Brief -> Below are some records. Return exactly their lines from the one containing "świąteczny kwiat dekoracyjny" through the one containing "铜版纸不干胶标签打印纸120 30 32", and drop the pictures.

====== Data listing ======

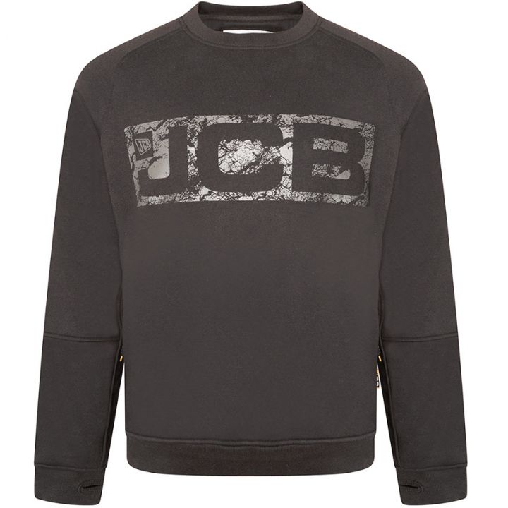 The Black Crew Sweatshirt is a durable, cotton-rich essential designed for comfort on and off the job. With reinforced elbow panels and secure zipped pockets, it combines everyday wearability with practical workwear performance, finished with iconic JCB branding.
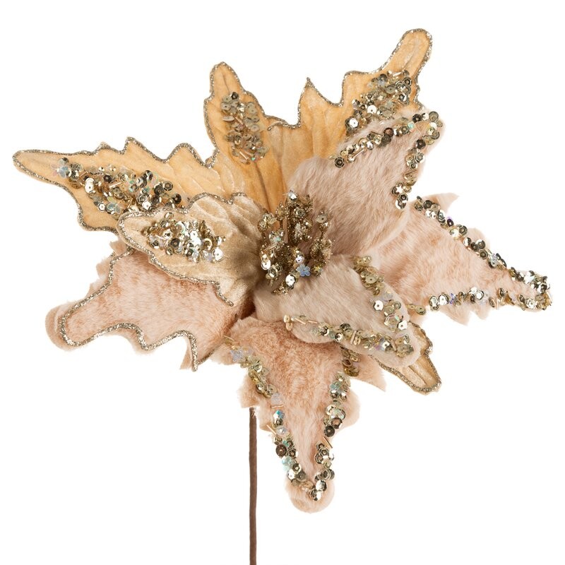 świąteczny kwiat dekoracyjny szerokość: O 39 cm, długość: 35 cm, kolor: beżowy, Skład: 100% poliester SZT.12
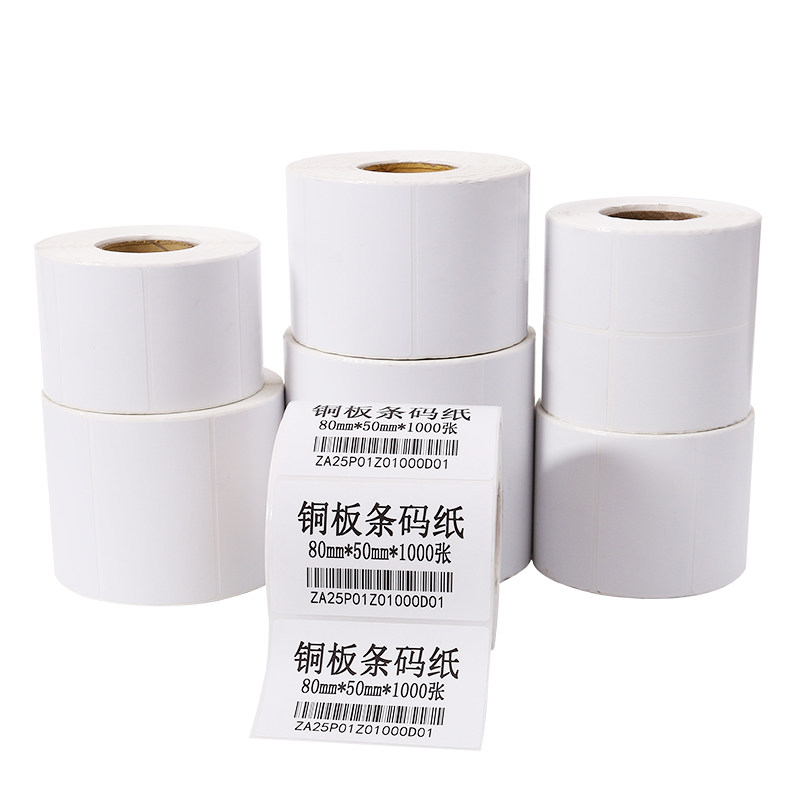 铜版纸不干胶标签打印纸120 30 32 19 40 50 60 70 80 90 100 150碳带色带卷条码铜板标签纸空白印刷打印贴纸
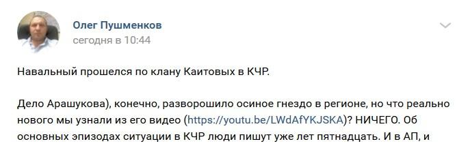 Видео вызвало отклики и в других социальных сетях. "Дело Арашукова, конечно, разворошило осиное гнездо в регионе, но что реально нового мы узнали из видео [Навального]? Ничего. Об основных эпизодах ситуации в КЧР люди пишут уже лет пятнадцать", - написал на своей странице в соцсети "ВКонтакте" Олег Пушменков.
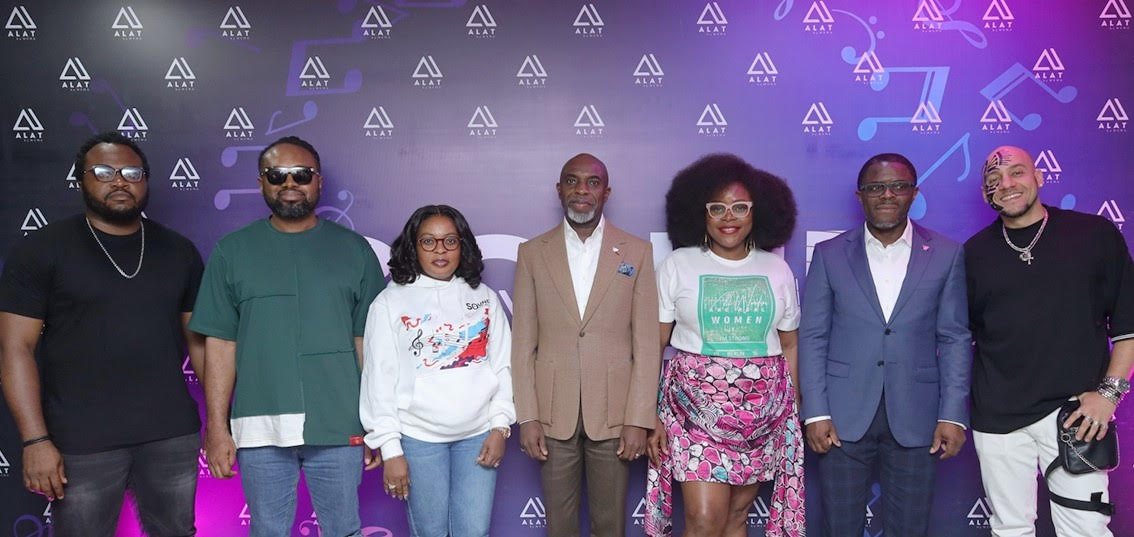L-R: Sounds of ALAT Judges, Alpha Ojini, Cobhams Asuquo, Head, Brand and Marketing Communications, Wema Bank, Mabel Adeteye; MD/CEO, Wema Bank, Moruf Oseni, Sounds of ALAT, Judge Omawuni Megbele, Executive Director, Retail and Digital Business Directorate, Wema Bank, Tunde Mabawonku and Sounds of ALAT, Judge DJ Sose at the unveiling of the Top 3 participants of the Sounds of ALAT competition, held at Wema Bank… []

======

Exercise response ->
 świąteczny kwiat dekoracyjny szerokość: O 39 cm, długość: 35 cm, kolor: beżowy, Skład: 100% poliester SZT.12
 铜版纸不干胶标签打印纸120 30 32 19 40 50 60 70 80 90 100 150碳带色带卷条码铜板标签纸空白印刷打印贴纸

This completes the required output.